School of Applied Language and Intercultural Studies
Dublin City University, Dublin, Ireland sylvie.thouesny2@mail.dcu.ie, francoise.blin@dcu.ie
Abstract
Learner models enable intelligent tutoring systems to observe, record and analyse language learner input. A diagnostic element provides the system with information about the learner’s knowledge state, i.e. the individual’s weaknesses and strengths in the target language, and information on learners’ progress is normally collected via answers to predefined written production types. However storing information on language learners’ knowledge level from free written productions is more complex as this requires the use of instruments that can discriminate between errors and mistakes, where errors represent gaps in a learner's knowledge, and mistakes occasional lapses in performance.

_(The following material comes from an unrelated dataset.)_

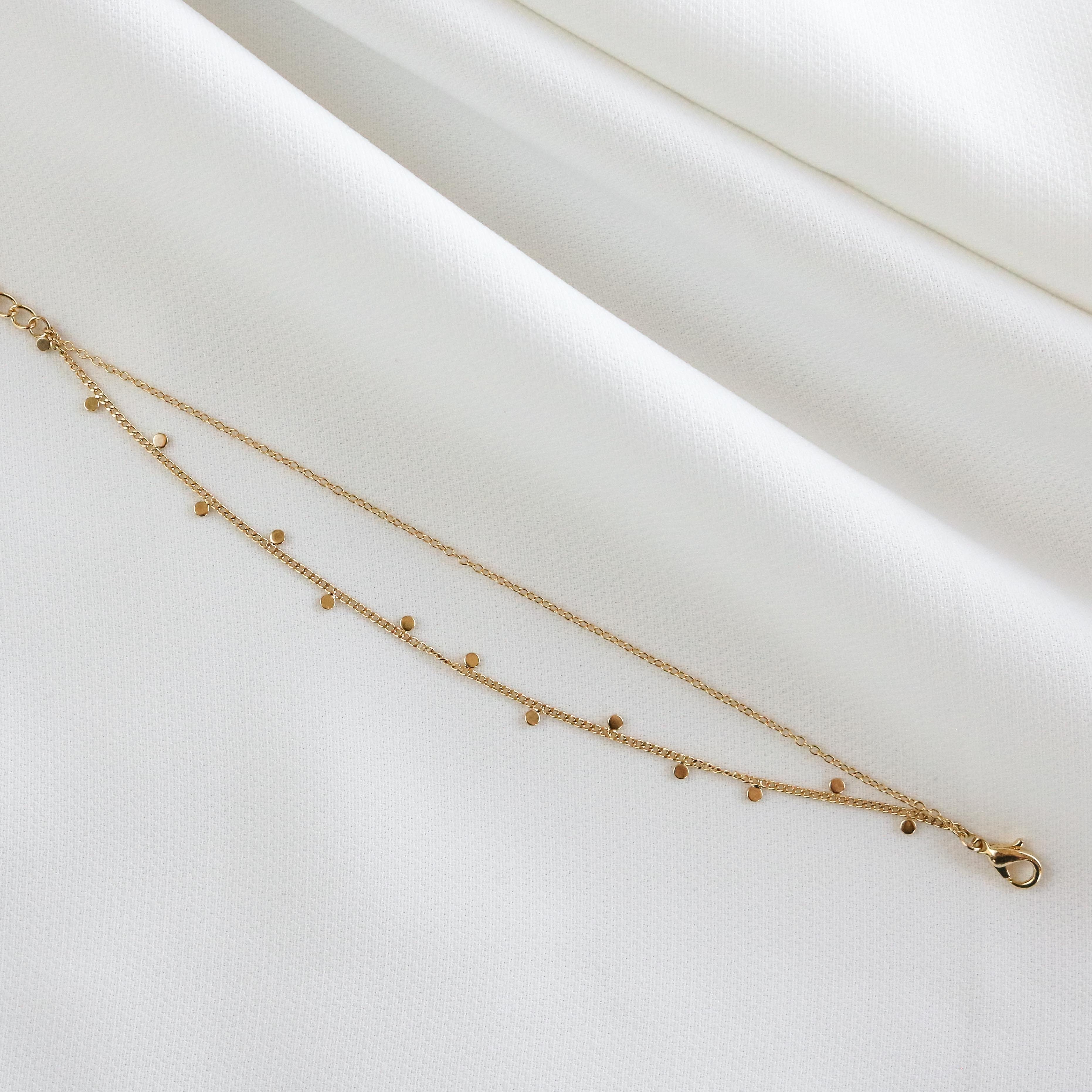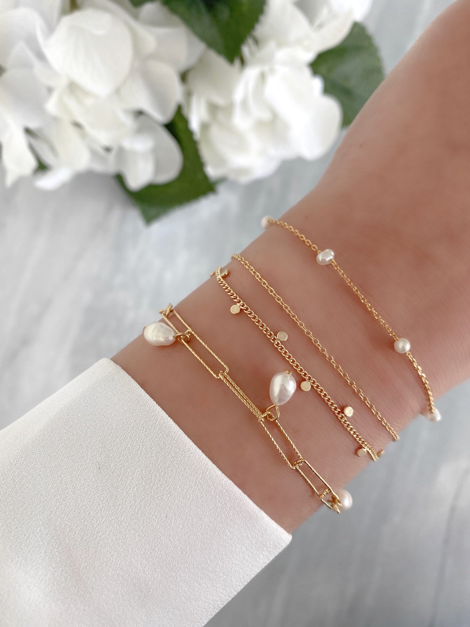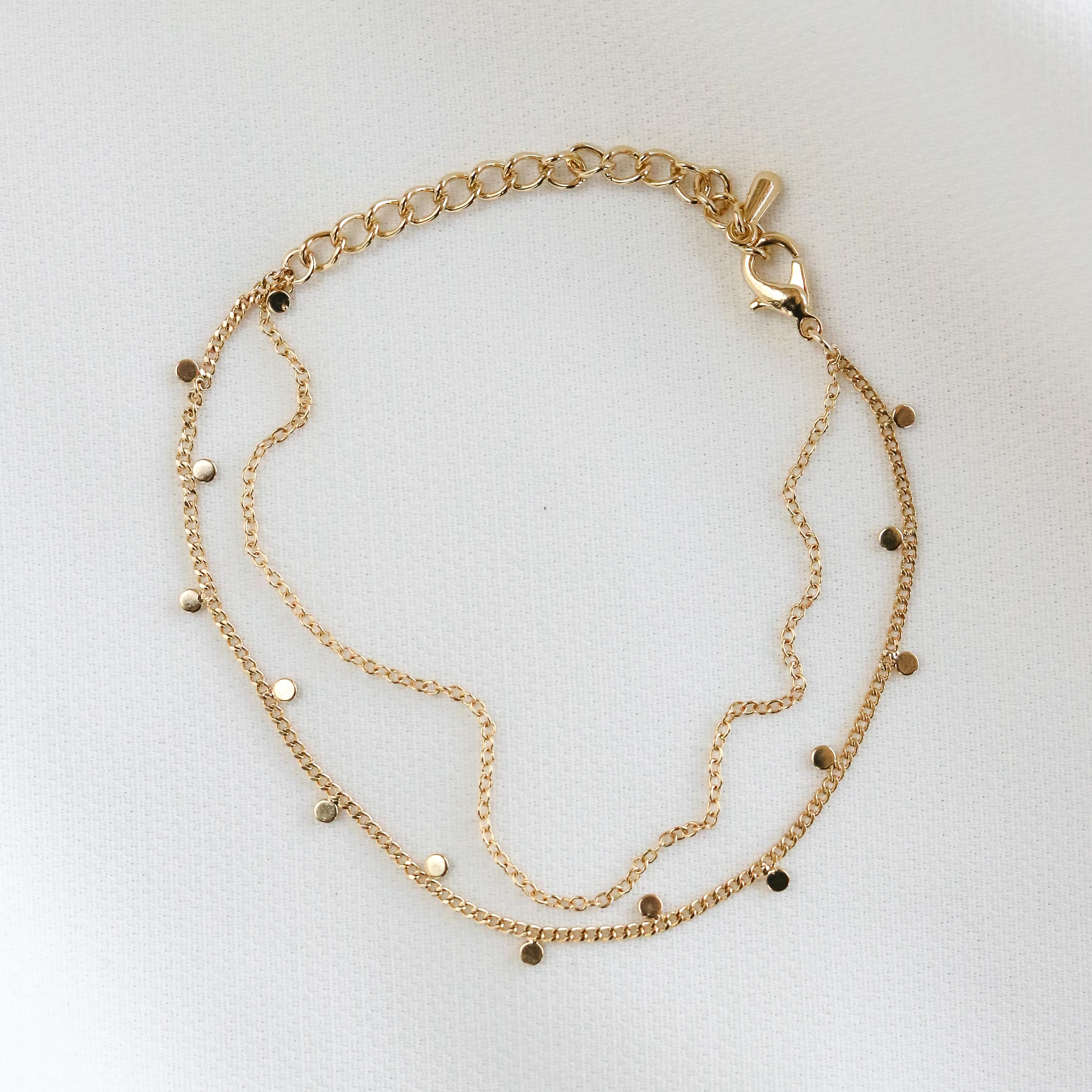 Two chains layered in one, link chain paired with a dotted Cuban chain, the Clara bracelet glimmers and shines as you move.

Following an overview of instruments normally used to “measure” language learners’ weaknesses and strengths, this paper argues that identifying correct as well as incorrect forms provides us with a better insight into the language learner's knowledge state at any given time. It describes how a computer assisted error encoding program, Markin, can be used in conjunction with a probabilistic part-of-speech tagging tool, TreeTagger to tag a corpus of free texts produced by language learners. It explicates how a detailed analysis of such tagged corpora can assist in the discrimination between errors and mistakes. The results of a preliminary analysis focusing on morpho-syntactic errors produced by learners of French in a range of free texts are then presented and the reliability and validity of the instruments used are discussed.